A proof-of-concept for a read-only filesystem with random contents generated on demand.
Developed at the request of Lars Wirzenius.
Licensed under the Blue Oak Model License 1.0.0.
- Rust and Cargo (tested with Rust 1.47.0)
- fuse (including the headers, that's
libfuse-dev
on Debian) (tested with 2.9.9)
In the root of the repo:
mkdir mnt
cargo run --release mnt
This will mount PlentyFS into mnt
directory and block. You can work with the
directory in a different terminal.
Once you're done, cd to the root of the repo and call:
fusermount -u mnt
This will unmount PlentyFS and release the first terminal.
The filesystem should:
- be read-only
- have files with random contents
- store (almost) nothing in memory or on disk
For this PoC, the FS contains a single directory (root) with a fixed number of files (10,000) of fixed size (1 megabyte each). The only thing that's random is the contents of the file.

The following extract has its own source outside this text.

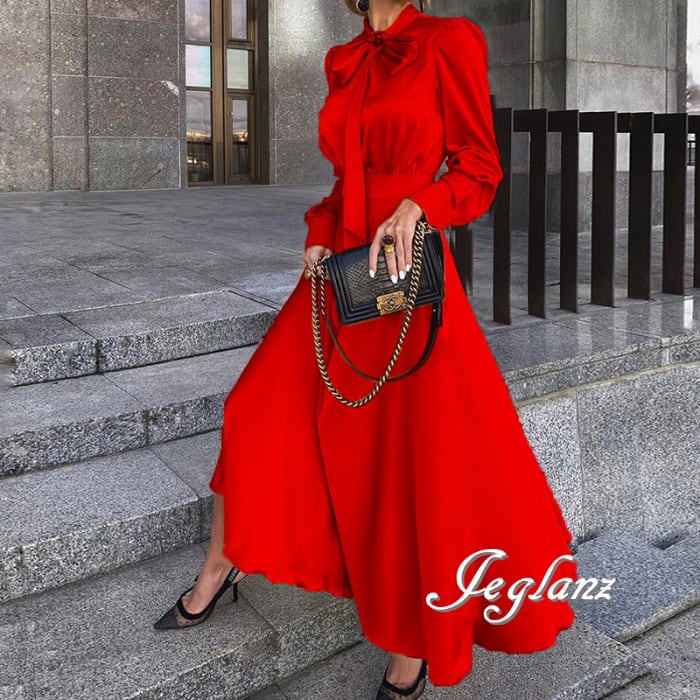 3色 ボウタイ ワンピース ドレス Aライン きれいめ 光沢 エレ派(M6009)ζ

Upon mounting, we take the PID of the fuse program. That's our "root seed", and it's the only value that PlentyFS stores in memory. Everything else is computed from it and the meta-information.
Upon each read()
, we generate the blocks that contain requested data. To do
that, we:
-
generate a "file seed": combine root seed with the file's inode number, and hash the result;
-
generate the block: combine the file seed with the block number, and hash the result.
This architecture is "embarrassingly parallel", because the contents of the file blocks depend only on the "root seed", file's inode, and the block offset. This should enable it to scale linearly to many cores.
Details of this implementation:
- file inodes are numbered from 2 upwards;
- the hash we use is SHA-1.
On Intel i7-7700HQ, tar -cvf /dev/shm/plentyfs.tar /mnt
achieves 115 MB/s.
Note that /dev/shm/
is a tempfs
. The speed was limited by this program,
which maxed out a single core for the whole duration of the benchmark.
Horn of plenty (conrnucopia) is a small object overflowing with food and riches. Similarly, PlentyFS is a tiny filesystem containing as much data as you can consume.